Overview
Data Science Career Advancement
Immerse yourself in a dynamic environment where innovative solutions are the norm.
Responsibilities
- Contribute to building cutting-edge machine learning models that propel business growth and optimize operations.
- Collaborate with experienced professionals to develop and deploy data-driven solutions, enhancing customer experiences and driving strategic decision-making.
- Develop and maintain large-scale data platforms using Databricks, ensuring seamless integration with AzureML and MLflow.
- Design and implement sophisticated machine learning models, leveraging Python and relevant libraries such as pandas and scikit-learn.
- Work closely with cross-functional teams to embed deployed models into company processes, fostering a culture of collaboration and knowledge sharing.
Requirements
- Advanced degree (MSc or PhD) in a relevant field, such as computer science, data science, physics, or engineering.
- Proven expertise in machine learning theory and its practical application, with a strong foundation in algorithms for classification, regression, and other data science problems.

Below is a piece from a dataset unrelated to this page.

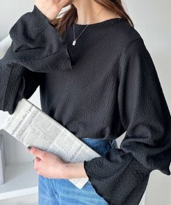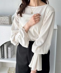 キーワード:tシャツ レディース フリル ボートネック 長袖 無地

- At least 4 years of experience in a similar data science or ML engineering role, with a focus on MLOps and hyperparameter tuning.
- Proficiency in programming languages, including Python, and familiarity with popular libraries like pandas and scikit-learn.
- Excellent communication and interpersonal skills, with the ability to convey complex ideas clearly and precisely to diverse audiences.
Benefits
- Hybrid working model, combining office days with flexible home work arrangements.
- Comprehensive benefits package, including health insurance, life insurance, and training opportunities.
- Opportunities for professional growth and development, with a focus on self-improvement and staying up-to-date with industry trends.
Join our dynamic team and embark on a career journey that combines technical expertise with strategic vision, driving innovation and excellence in the field of data science.